Later, as Martin and Russell suggested [113, 114, 119], it was realized that the black smoker type of hydrothermal vent might be too hot (ca. 350°C); instead, the first life form might have evolved inside the alkaline hydrothermal vent (ca. 100°C) in the deep sea (the Lost City vent system, first discovered in 2000, serves as an example of such a location [120, 121]). These alkaline hydrothermal vents comprise a great number of microscale caverns coated by thin membraneous metal sulfide walls. This theory is able to address the problem of the emergence of compartments, which was missing in Wächtershäuser’s original theory [113, 122].

While amphiphilic molecules can spontaneously self‐assemble into micelles or vesicles, achieving the division into two is still challenging and may necessitate a highly intricate mechanism. The alkaline hydrothermal vent theory instead postulates that the earliest cells were not free‐living but had membrane‐like physical boundaries, namely, those microscale caverns. Further evolution leads to self‐supporting lipid membranes and closed cells, thereby leaving the microcavern and becoming free‐living. This is supported by the fact that bacteria (plus eukaryotes) and archaea have entirely different types of membrane lipids, suggesting that they emerged independently.
The microcaverns help concentrate molecules that are newly synthesized, increasing the chance of forming oligomers or polymers.
The synthesis of lipids that make up the boundary of a cell to separate it from the external environment is not indispensable until almost all cellular functions are ready.

In a sense, a compartment in the alkaline hydrothermal vent can be considered a “protocell”. In fact, if not constantly immersed in an aqueous environment (e.g., in alkaline hydrothermal vents), the formation of “protocells” might be even more accessible because it has been demonstrated that wet‐dry cycles and exposure to ultraviolet (UV) light can enhance the formation of membranes from lipids and lead to the synthesis of more varieties of biomolecules [123, 124, 125]. Another “clay hypothesis”—clay minerals are hydrous aluminum phyllosilicates (e.g., kaolinite and montmorillonite), made up of crystals—that was popularized in the 1980s while first developed in the mid‐1960s by Graham Cairns‐Smith [126], even postulates that the clay crystal itself, which is more like to be the boundary and obviously non‐living, is the individual that is naturally selected for in the first place, and later, after complex organic molecules that are catalyzed by the surface of the clay crystals perform a “genetic takeover” from their clay “vehicle”, those molecular systems become the individuals that are subject to selection [127, 128, 129].

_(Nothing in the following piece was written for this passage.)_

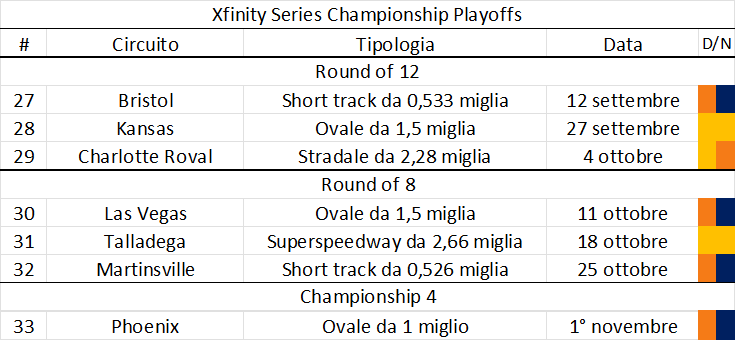 Il Round of 8 rischia di essere infuocato, anche qui con molta varietà: al posto di Bristol c’è Martinsville come taglio prima di Phoenix, al posto del Kansas c’è Las Vegas mentre la variabile impazzita non sarà uno stradale bensì il superspeedway di Talladega in cui i primi cuori potrebbero venire infranti ancora prima di Martinsville. Poi la tappa in Arizona dove si assegnerà il titolo su un ovale piatto da un miglio; in primavera ci vinse Aric Almirola, tuttavia l’ultimo potenziale test è stato quello di Gateway e lì ha vinto (ancora) Zilisch, quindi il potenziale pronostico con Allgaier trionfatore potrebbe essere ribaltato.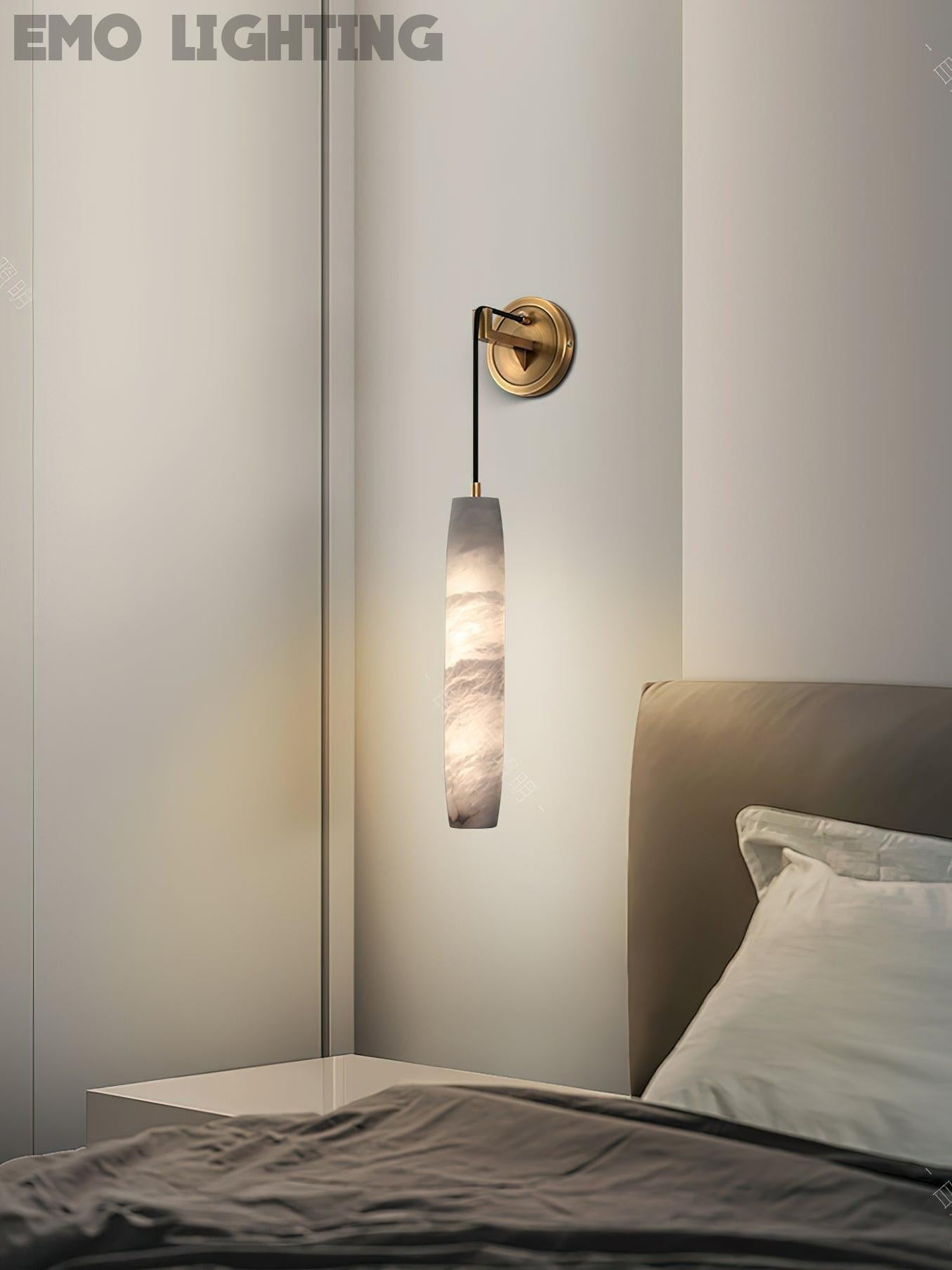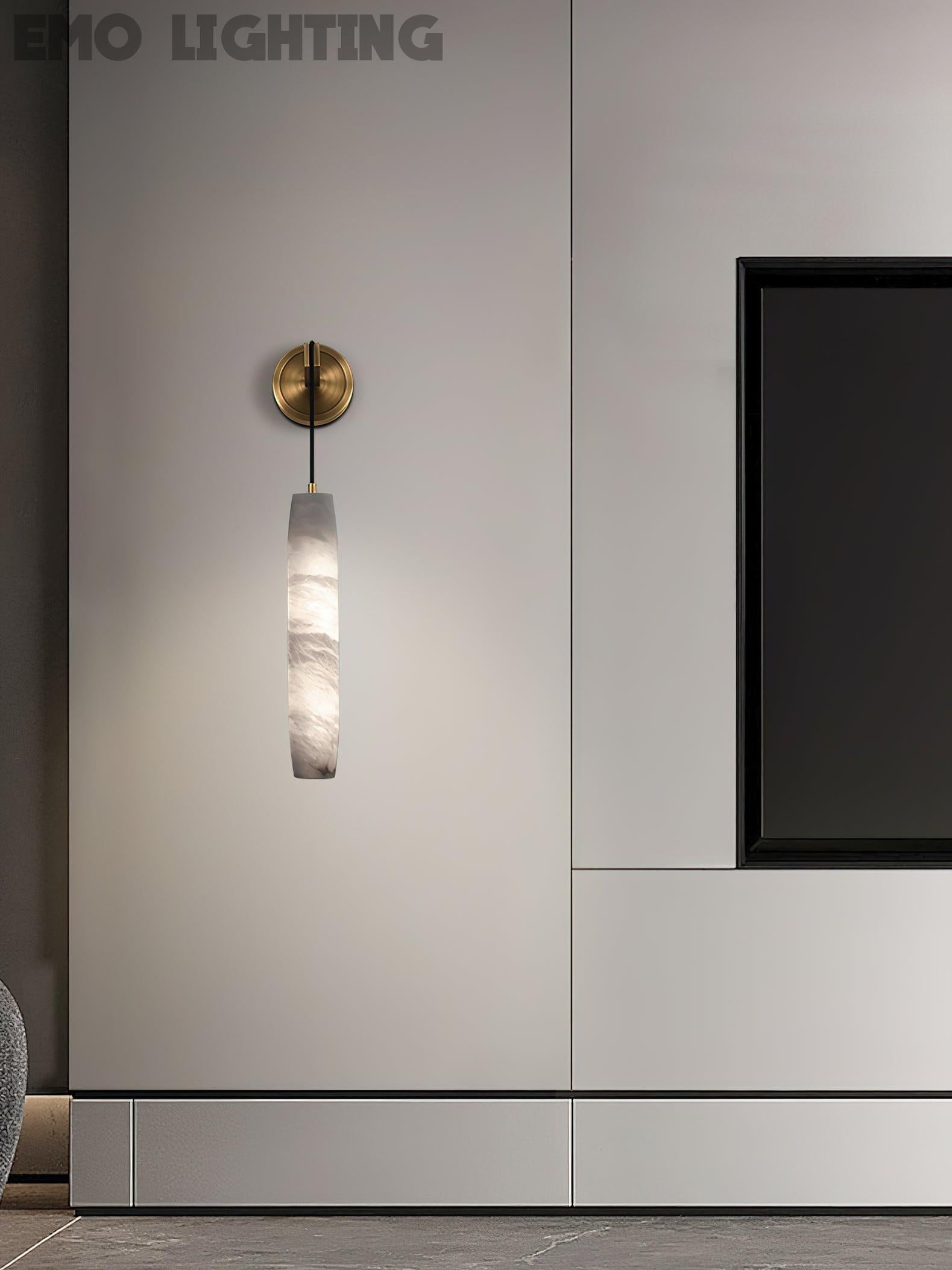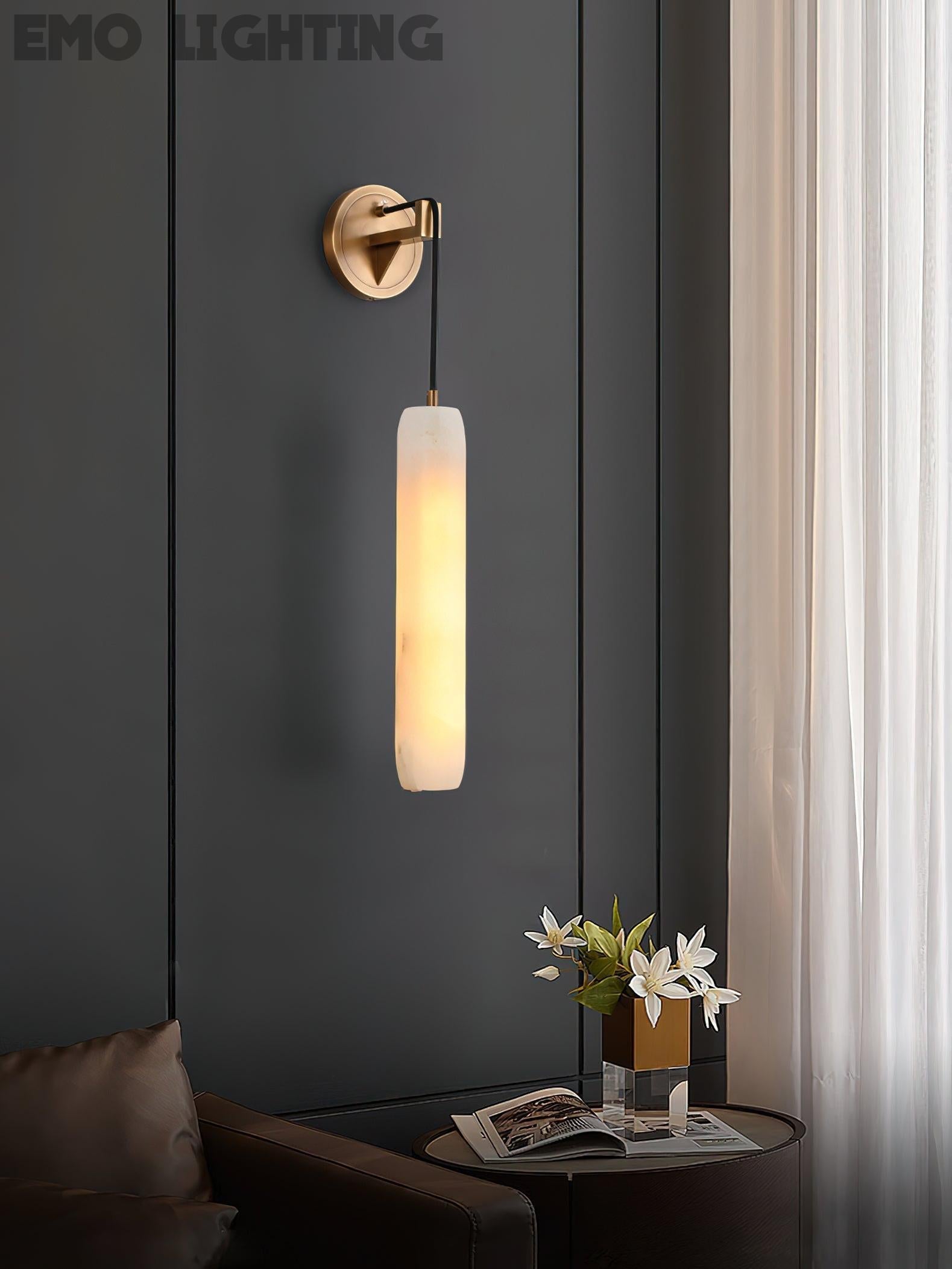 Welcome the Alabaster Flute Wall Lamp into your home. Crafted of high-quality alabaster, it features an elegant flute-shaped silhouette that adds a modern touch to any interior. A perfect addition to any living space or bedroom, the lamp emits a soft warm light to create a cozy atmosphere.

Above all, both the iron‐sulfur world hypothesis and Russell’s theory placed a significant emphasis on the role of the physical surface [113, 114, 119, 126]. Thus, it may be prudent to adopt an alternative approach when creating a man‐made life: Instead of initially focusing on designing and integrating independent boundaries, it may be more beneficial first to establish autocatalytic reaction networks confined by physical boundaries and then anticipate the gradual development of independent boundaries for free‐living, through evolution. Evidently, this approach is akin to a simulation and realization of the origin of life. Although there is currently limited experimental research following this idea, there have been some studies that may provide valuable insights. For example, the research conducted by Vincent and Baum et al., through a serial transfer experiment on a mixture of a synthetic “prebiotic soup” and mineral grains, has demonstrated the potential for the spontaneous emergence and the enrichment of self‐replicating mineral‐associated autocatalytic systems [130, 131]. In a simulated chemical space developed by Wołos and Grzybowski et al., as having been briefly mentioned above, it was observed that surfactant molecules (such as straight‐chain saturated fatty acids and α‐hydroxy acid surfactants) could be generated naturally as a result of multiple reactions of aldehyde homologation, which implies that primitive cell compartments, or vesicle structures, could have emerged spontaneously in early Earth environments, starting from simple molecules [35]. Recently, researchers created an inorganic hollow colloid (replacing lipids, as an alternative option for the compartment) with a well‐defined micropore on its surface, which was able to perform active transport, thus an inorganic cell‐mimics [132].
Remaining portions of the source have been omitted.